GOAL OF THE EXERCISE:
An exact restatement of all the data is required, with the pictures left out.
─── PROVIDED DATA ───
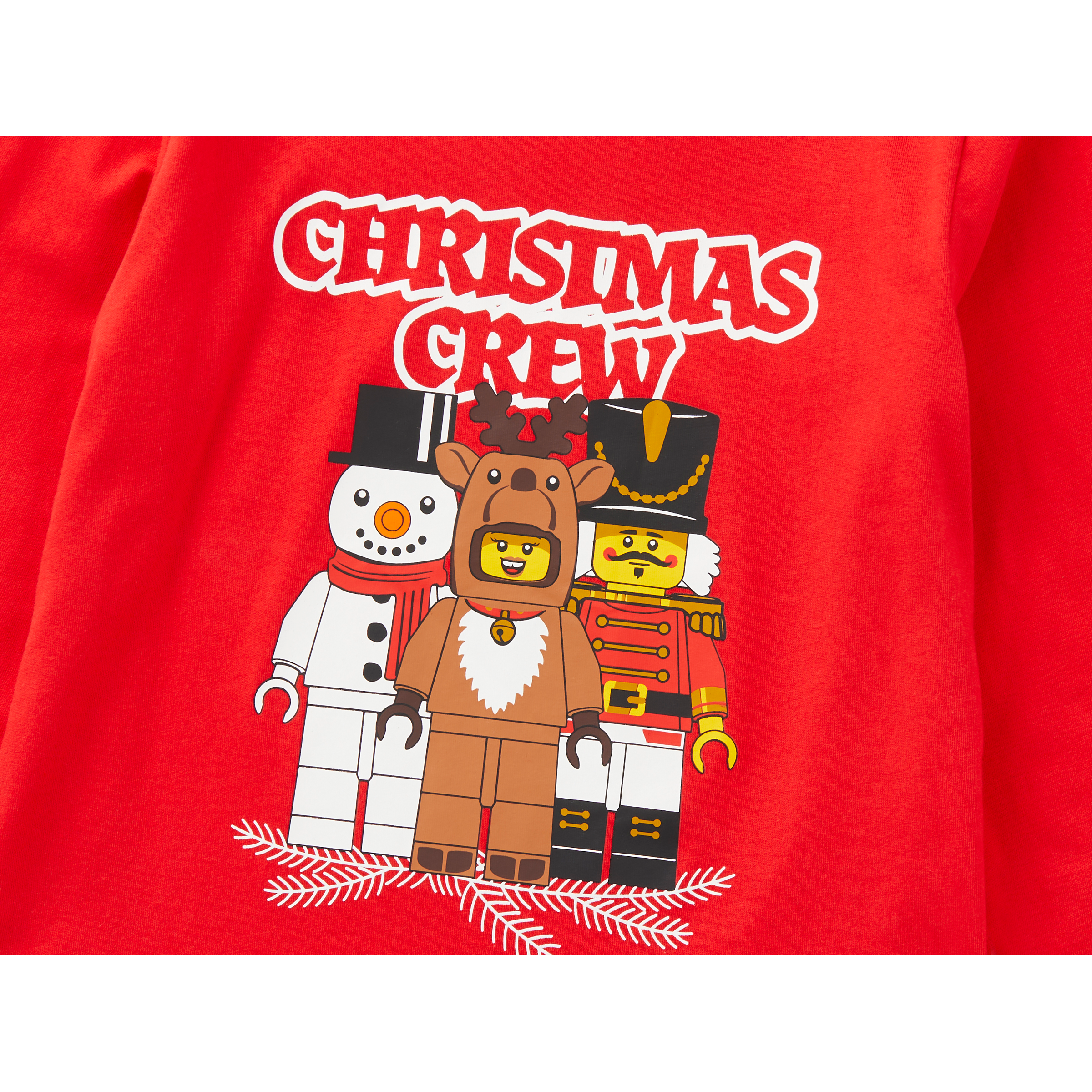Long-sleeve kids T-shirt – The front of the T-shirt features snowman, reindeer and nutcracker soldier LEGO minifigures and the words “Christmas Crew”
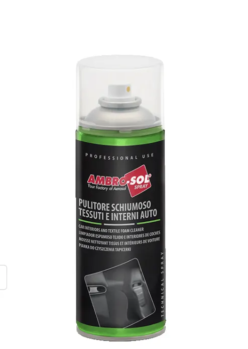 Il pulitore schiuma per tessuti Ambro-Sol A471 da 400 ml è un detergente specifico progettato per la pulizia efficace di sedili auto, tappezzeria, moquette e tessuti presenti negli interni dei veicoli. Grazie alla sua speciale formula attiva in schiuma, questo prodotto penetra in profondità nelle fibre del tessuto rimuovendo sporco, macchie e residui senza danneggiare le superfici trattate.
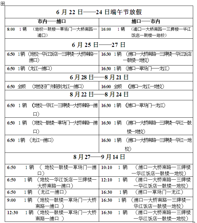 2012年6月22日——9月28日班车时刻表
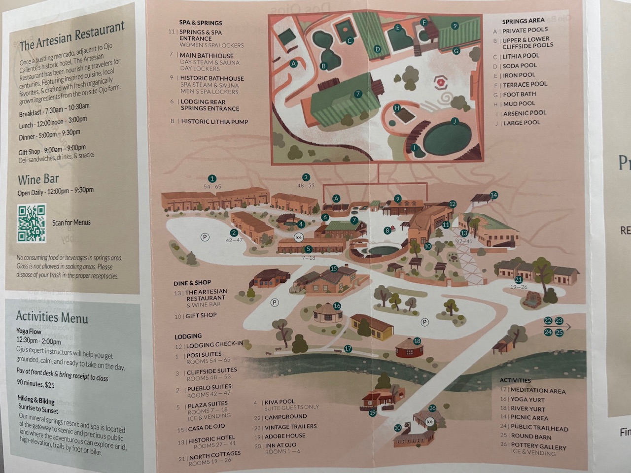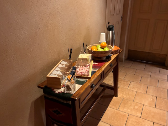 酒店的入口需要从hwy拐到一个drive上走大概1个mile,非常安静的vibe,日落的时候拍拍周边的山真的很美;虽然pueblo里是不允许有business的,但是开几mile到hwy上就有很多餐厅/快餐可选择,喜闻乐见的麦当劳KFC星巴克之流都有,所以完全不需要担心一定要在酒店吃饭/出入不方便。
───
REPLY:
Long-sleeve kids T-shirt – The front of the T-shirt features snowman, reindeer and nutcracker soldier LEGO minifigures and the words “Christmas Crew”
 Il pulitore schiuma per tessuti Ambro-Sol A471 da 400 ml è un detergente specifico progettato per la pulizia efficace di sedili auto, tappezzeria, moquette e tessuti presenti negli interni dei veicoli. Grazie alla sua speciale formula attiva in schiuma, questo prodotto penetra in profondità nelle fibre del tessuto rimuovendo sporco, macchie e residui senza danneggiare le superfici trattate.
 2012年6月22日——9月28日班车时刻表
 酒店的入口需要从hwy拐到一个drive上走大概1个mile,非常安静的vibe,日落的时候拍拍周边的山真的很美;虽然pueblo里是不允许有business的,但是开几mile到hwy上就有很多餐厅/快餐可选择,喜闻乐见的麦当劳KFC星巴克之流都有,所以完全不需要担心一定要在酒店吃饭/出入不方便。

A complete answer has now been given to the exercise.